Is it possible to make the following code faster by using a for loop over pointer instead of index?
Are there anyway to make the following code faster?
The code multiplies an array by a constant.
Thank you.
code:
#include <iostream>
#include <stdlib.h>
#include <stdint.h>
#include <vector>
using namespace std;
int main(void){
size_t dim0, dim1;
dim0 = 100;
dim1 = 200;
std::vector<float> vec;
vec.resize(dim0*dim1);
float scalar = 0.9;
size_t size_sq = dim0*dim1;
#pragma omp parallel
{
#pragma omp for
for(size_t i = 0; i < size_sq; ++i){
vec[i] *= scalar;
}
}
}
serial pointer loop
float* ptr_start = vec.data();
float* ptr_end = ptr_start + dim0*dim1;
float* ptr_now;
for(ptr_now = ptr_start; ptr_now != ptr_end; ++ptr_now){
*(ptr_now) *= scalar;
}
Upvotes: 0
Views: 1808
Reputation: 6214
Serial pointer loop should be like
size_t size_sq = vec.size();
float * ptr = vec.data();
#pragma omp parallel
{
#pragma omp for
for(size_t i = 0; i < size_sq; i++){
ptr[i] *= scalar;
}
}
ptr
will be the same for all threads so no problem there.
As an explanation, Data sharing attribute clauses (wikipedia):
shared: the data within a parallel region is shared, which means visible and accessible by all threads simultaneously. By default, all variables in the work sharing region are shared except the loop iteration counter.
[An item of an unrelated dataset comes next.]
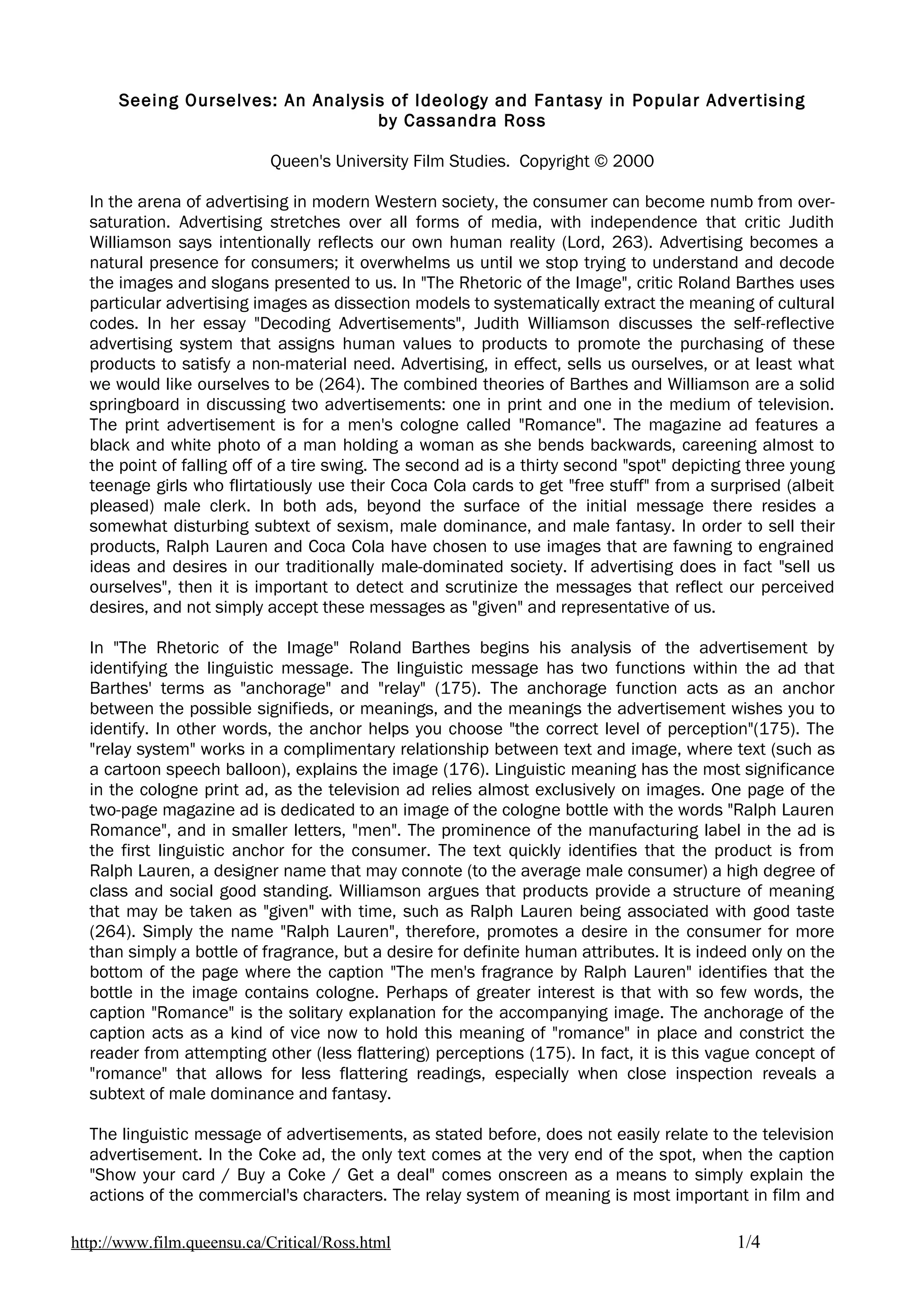 This document analyzes and summarizes an essay by Cassandra Ross that examines how ideology and fantasy are portrayed in popular advertising. It discusses Roland Barthes' theory of linguistic and denotative/connotative meanings in advertisements. It analyzes two specific ads - a print ad for Ralph Lauren cologne and a TV ad for Coca-Cola. Both ads are found to portray a subtext of sexism, male dominance and male fantasy through their imagery. The placement of the ads in magazines and TV programming aimed at men and youth further informs the meanings and messages being conveyed.

private: the data within a parallel region is private to each thread, which means each thread will have a local copy and use it as a temporary variable. A private variable is not initialized and the value is not maintained for use outside the parallel region. By default, the loop iteration counters in the OpenMP loop constructs are private.
In this case, i
is private and ptr
shared.
Upvotes: 1